2. The apparatus for detecting cardiovascular health status of claim 1, wherein the processing means, when acquiring the raw IPPG signal of the face region of the subject according to the face video:

acquiring a face video of the tested person;

selecting an ROI (region of interest) region of each green channel image;

3. The apparatus according to claim 1, wherein the image capturing device captures a facial video of the subject at a frame rate of 30 fps.

4. The cardiovascular health status detection apparatus of claim 1, wherein the preprocessing comprises a trending process, a moving average process, and a band-pass filtering denoising process.
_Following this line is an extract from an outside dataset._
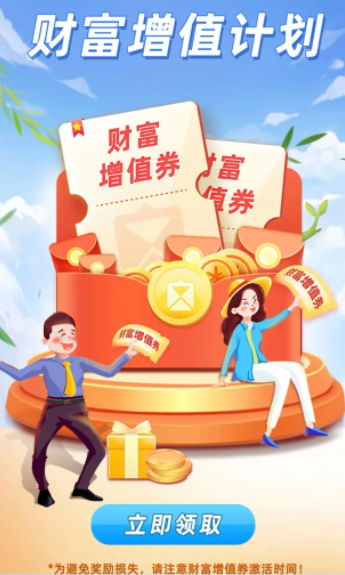 加息券领取方法:财富增值计划广告点进去,点击立即领取并激活。

5. The cardiovascular health status detection apparatus of claim 1, wherein the processing apparatus, when extracting the HRV features from the pre-processed IPPG signal:

carrying out peak point positioning on the preprocessed IPPG signal;

6. The cardiovascular health status detection apparatus of claim 5, wherein the Poincare scattergram distribution features comprise a quantified description of a Poincare scattergram of a major axis of an ellipse, a quantified description of a Poincare scattergram of a minor axis of an ellipse, and a quantified description of a Poincare scattergram of a ratio of the major axis to the minor axis of an ellipse;

7. The cardiovascular health status detection apparatus of claim 1, wherein the average periodic waveform characteristics comprise a main peak amplitude Hb, a descending branch amplitude Hc, a reflection peak amplitude Hd, an average duration T, a main wave occurrence time Tab, and a main wave to dicrotic wave peak interval Tbd; when the processing device extracts the average periodic waveform characteristics according to the preprocessed IPPG signal:

removing the deformed pulse waves according to preset screening conditions;

8. The apparatus for detecting cardiovascular health status of claim 1, further comprising an illuminating device, wherein the illuminating device is used for illuminating the face area of the subject when the image capturing device captures the face video of the subject.